#### [Task to complete]
Repeat the entries exactly but omit the pictures.

#### [Available data]
------------------------------------------------------------------------

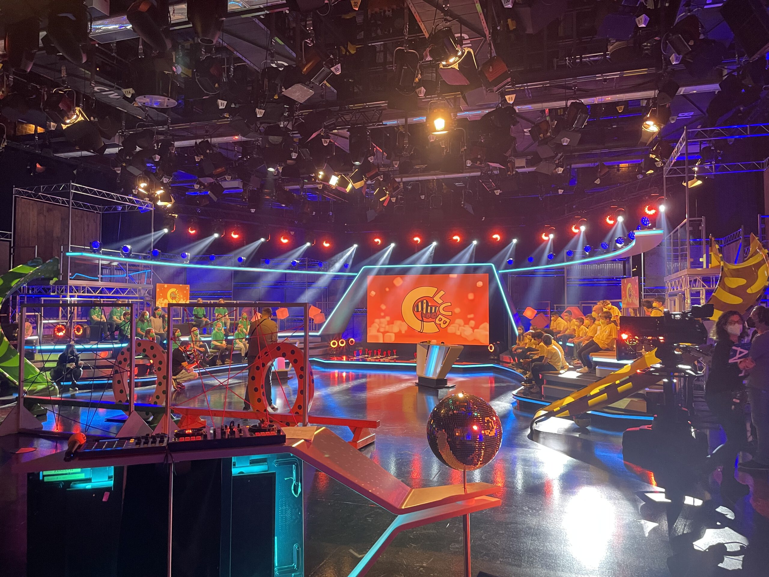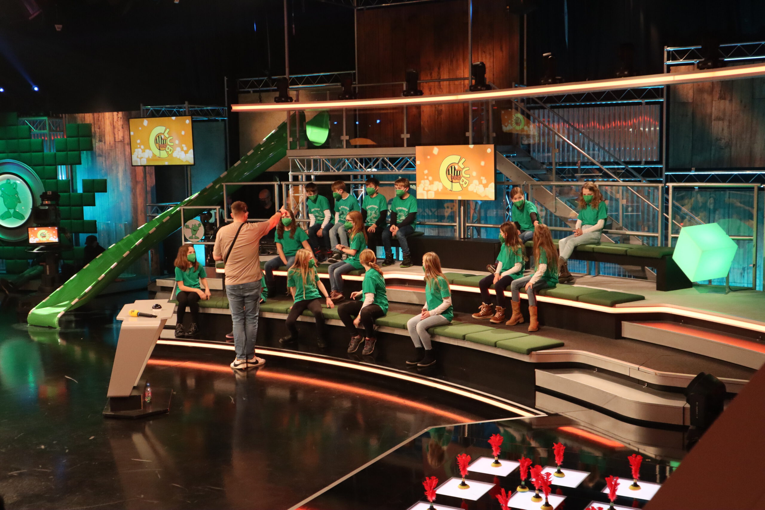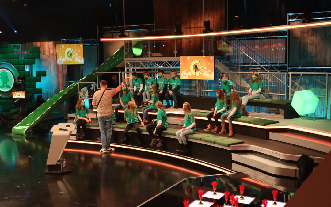 Nach der Führung übte Betreuer Steffen mit den Publikumskindern noch das Jubeln, Anfeuern und Klatschen, bevor dann alle gemeinsam zur Aufzeichnung ins Fernsehstudio gerufen wurden. Dort wurden die beiden bis in die Haarspitzen aufgeregten Schulklassen bereits von den völlig entspannten Tigerentenclub-Moderatoren Laura Knöll und Johannes Zenglein erwartet. Nach der Anmoderation rutschen die Spielekinder der jeweiligen Mannschaften über große Rutschen ins Studio und gaben von da an unter dem Jubel der Klassenkameraden im Publikum ihr Bestes, um möglichst viele „Notbremsen“ für das Tigerenten-Rodeo im Finale zu erspielen.
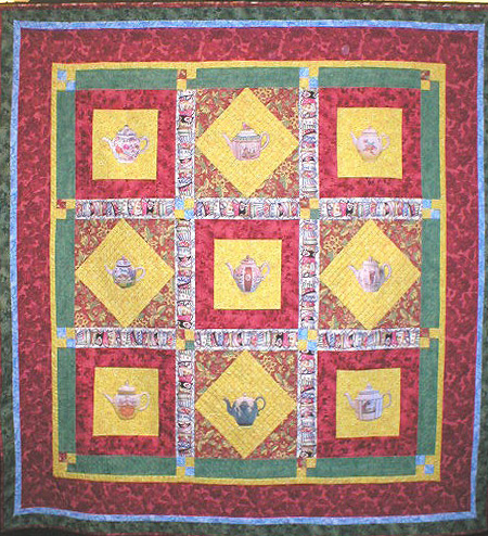 Digitally printed images of 18th century porcelain teapots are the focus of this trditionally set quilt
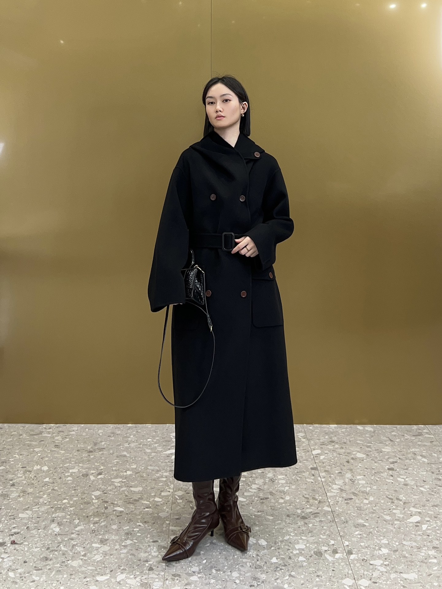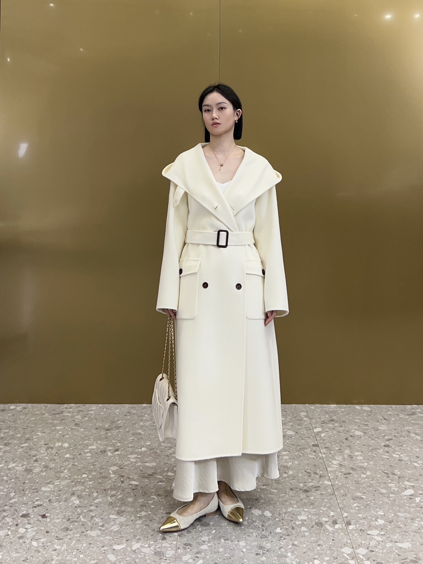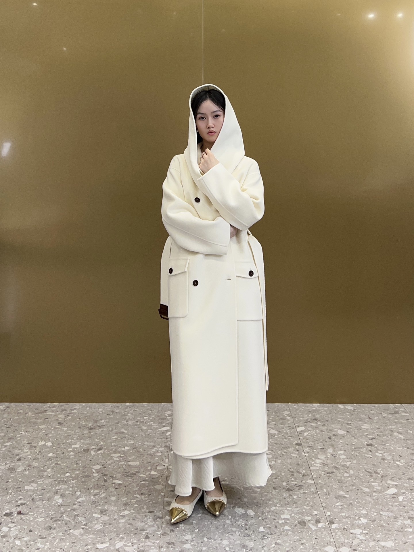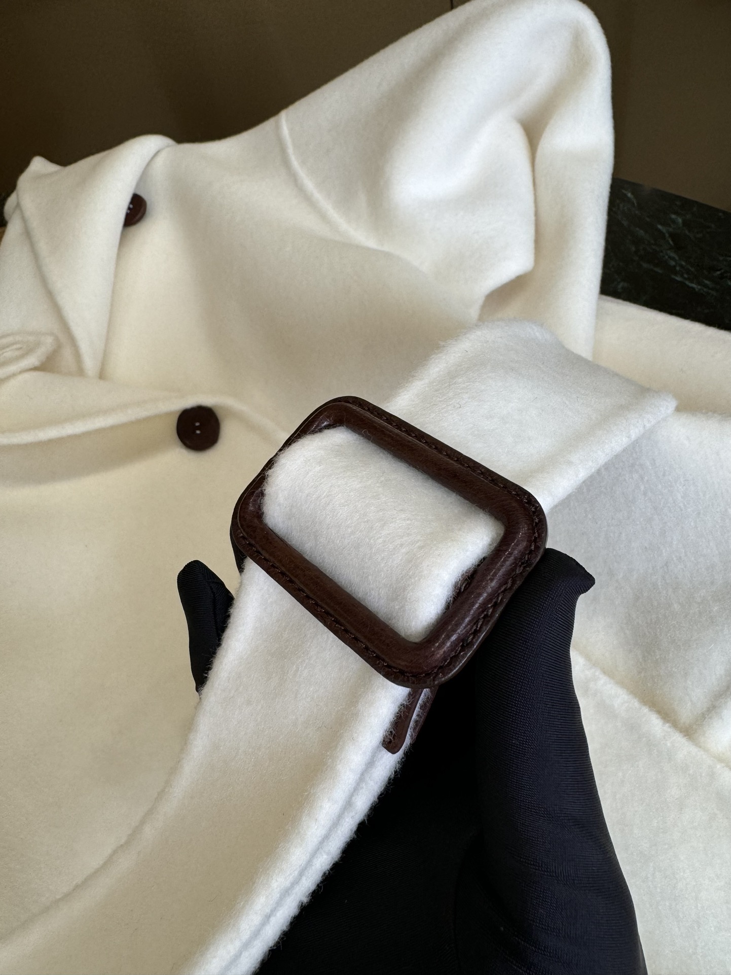 캐시미어 소재 벨트 버클은 양가죽을 베이스로 하고 버클은 모두 양가죽 소재이며 유럽 嵿급 기모 공법으로 제작되어 더욱 질감있는 캐시미어 코트의 드롭 소매형, 클래식한 박음질, 수작업으로 제작된 히든 사이드 포켓으로 우아하고 스타일링감을 잃지 않으며 커스텀 원단, 천연 일광 아래에서 양모 광택감과 섬세함을 연출할 수 있으며, 상체 터치감 융털이 곱고 피부 친화적이며, 드롭이 있어 편안합니다.
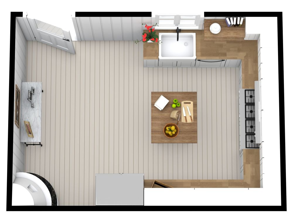 Schieferverkleidungen an den Wänden und warme, neutrale Farbtöne verleihen dieser U-förmigen Küche im Landhausstil eine gemütliche Ausstrahlung. Wenn man die Küche durch die Seitentür betritt, findet man einen Hartholzboden in einem gebrochenen Weiß, der durch neutrale Holztöne und weiße Schränke im Shaker-Stil gut ergänzt wird. Ein tiefes, weißes Spülbecken befindet sich direkt unter einem großen Fenster, so dass Sie beim Abwasch die Aussicht und das natürliche Sonnenlicht genießen können. Die Arbeitsplatten aus Naturholz sorgen für ein rustikales Aussehen und Gefühl und erleichtern das Schneiden sowie die Zubereitung von Mahlzeiten. In der Mitte der Rückwand befindet sich ein Herd mit Abzugshaube und dahinter eine zentrale Kücheninsel mit weiteren Arbeitsflächen für die Zubereitung von Mahlzeiten oder als zwangloser Treffpunkt für Gäste. Der Raum bietet ausreichend Platz für einen Doppelkühlschrank und einen kleinen Präsentationstisch an der Rückwand.
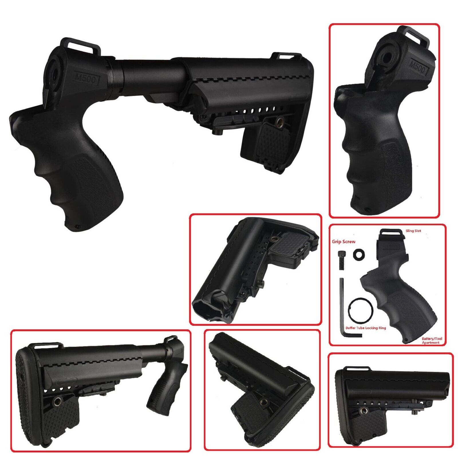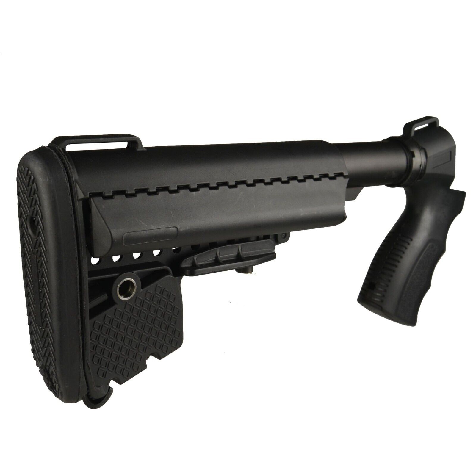 This Mil-Spec six-position collapsible stock set is designed specifically for Mossberg and Maverick pump-action shotguns.
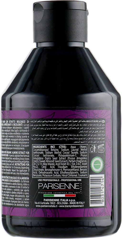 شامپو ضد زردی موهای بلوند و روشن بلک پروفشنال Black Platinum غنی شده با عصاره ارگانیک بادام بوده و برای موهای روشن، بلوند و دکلره شده مناسب می باشد. این شامپو حاوی رنگدانه های بنفش برای خنثی کردن تناژ برنجی و زرد ناخواسته میان موها است و ضمن تغذیه فیبر مو، موها را درخشان و براق می کند. شامپو پلاتینیوم بلک همچنین حاوی عصاره لیمو شیرین غنی از ویتامین های A، E، C و F برای ایجاد نمای سرزنده و شاداب موها است و موهایی باکیفیت سالنی را به ارمغان می آورد.
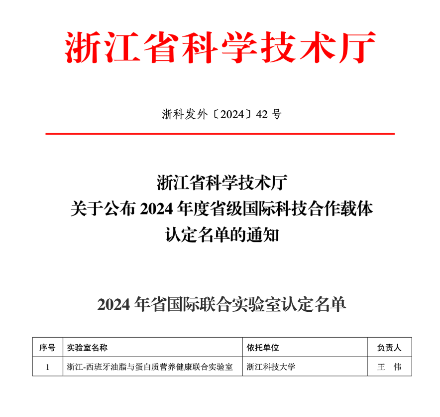 近日,浙江省科学技术厅下达了《关于公布2024年度省级国际科技合作载体认定名单的通知》,由williamhill体育中文williamhill中国王伟研究员牵头申报的“浙江-西班牙油脂与蛋白质营养健康联合实验室”被认定为2024年度省级国际科技合作载体。这一认定标志着williamhill体育中文生化学院在国际合作与技术创新领域取得了新的突破。
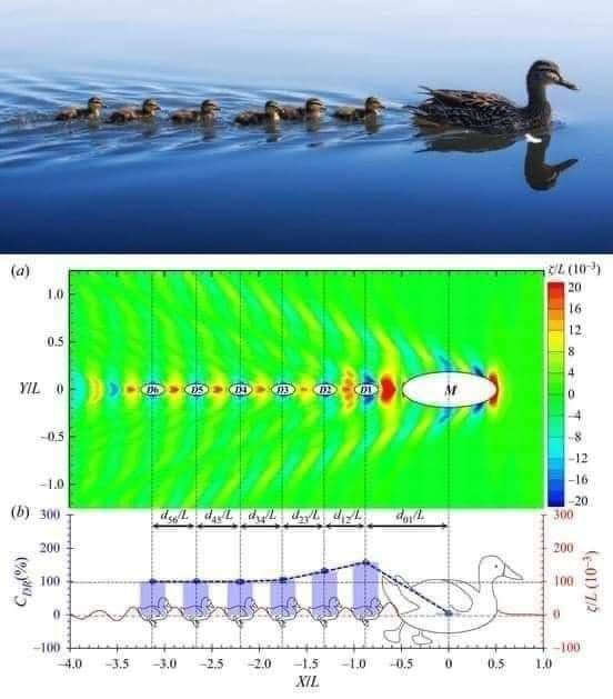 حيث تقوم الأم بكسر التوتر السطحي للماء و خلق موجات دافعة للأبناء عبر ركوب الأمواج و تمريرها للأبناء لخلق سحب موجي و توازن ديناميكي لهم و بالتالي تسهيل عملية السباحة لفراخ البط و تقليل طاقتهم المستهلكة في السباحة .

------------------------------------------------------------------------

#### [Response area]
 Nach der Führung übte Betreuer Steffen mit den Publikumskindern noch das Jubeln, Anfeuern und Klatschen, bevor dann alle gemeinsam zur Aufzeichnung ins Fernsehstudio gerufen wurden. Dort wurden die beiden bis in die Haarspitzen aufgeregten Schulklassen bereits von den völlig entspannten Tigerentenclub-Moderatoren Laura Knöll und Johannes Zenglein erwartet. Nach der Anmoderation rutschen die Spielekinder der jeweiligen Mannschaften über große Rutschen ins Studio und gaben von da an unter dem Jubel der Klassenkameraden im Publikum ihr Bestes, um möglichst viele „Notbremsen“ für das Tigerenten-Rodeo im Finale zu erspielen.
 Digitally printed images of 18th century porcelain teapots are the focus of this trditionally set quilt
 캐시미어 소재 벨트 버클은 양가죽을 베이스로 하고 버클은 모두 양가죽 소재이며 유럽 嵿급 기모 공법으로 제작되어 더욱 질감있는 캐시미어 코트의 드롭 소매형, 클래식한 박음질, 수작업으로 제작된 히든 사이드 포켓으로 우아하고 스타일링감을 잃지 않으며 커스텀 원단, 천연 일광 아래에서 양모 광택감과 섬세함을 연출할 수 있으며, 상체 터치감 융털이 곱고 피부 친화적이며, 드롭이 있어 편안합니다.
 Schieferverkleidungen an den Wänden und warme, neutrale Farbtöne verleihen dieser U-förmigen Küche im Landhausstil eine gemütliche Ausstrahlung. Wenn man die Küche durch die Seitentür betritt, findet man einen Hartholzboden in einem gebrochenen Weiß, der durch neutrale Holztöne und weiße Schränke im Shaker-Stil gut ergänzt wird. Ein tiefes, weißes Spülbecken befindet sich direkt unter einem großen Fenster, so dass Sie beim Abwasch die Aussicht und das natürliche Sonnenlicht genießen können. Die Arbeitsplatten aus Naturholz sorgen für ein rustikales Aussehen und Gefühl und erleichtern das Schneiden sowie die Zubereitung von Mahlzeiten. In der Mitte der Rückwand befindet sich ein Herd mit Abzugshaube und dahinter eine zentrale Kücheninsel mit weiteren Arbeitsflächen für die Zubereitung von Mahlzeiten oder als zwangloser Treffpunkt für Gäste. Der Raum bietet ausreichend Platz für einen Doppelkühlschrank und einen kleinen Präsentationstisch an der Rückwand.
 This Mil-Spec six-position collapsible stock set is designed specifically for Mossberg and Maverick pump-action shotguns.
 شامپو ضد زردی موهای بلوند و روشن بلک پروفشنال Black Platinum غنی شده با عصاره ارگانیک بادام بوده و برای موهای روشن، بلوند و دکلره شده مناسب می باشد. این شامپو حاوی رنگدانه های بنفش برای خنثی کردن تناژ برنجی و زرد ناخواسته میان موها است و ضمن تغذیه فیبر مو، موها را درخشان و براق می کند. شامپو پلاتینیوم بلک همچنین حاوی عصاره لیمو شیرین غنی از ویتامین های A، E، C و F برای ایجاد نمای سرزنده و شاداب موها است و موهایی باکیفیت سالنی را به ارمغان می آورد.
 近日,浙江省科学技术厅下达了《关于公布2024年度省级国际科技合作载体认定名单的通知》,由williamhill体育中文williamhill中国王伟研究员牵头申报的“浙江-西班牙油脂与蛋白质营养健康联合实验室”被认定为2024年度省级国际科技合作载体。这一认定标志着williamhill体育中文生化学院在国际合作与技术创新领域取得了新的突破。
 حيث تقوم الأم بكسر التوتر السطحي للماء و خلق موجات دافعة للأبناء عبر ركوب الأمواج و تمريرها للأبناء لخلق سحب موجي و توازن ديناميكي لهم و بالتالي تسهيل عملية السباحة لفراخ البط و تقليل طاقتهم المستهلكة في السباحة .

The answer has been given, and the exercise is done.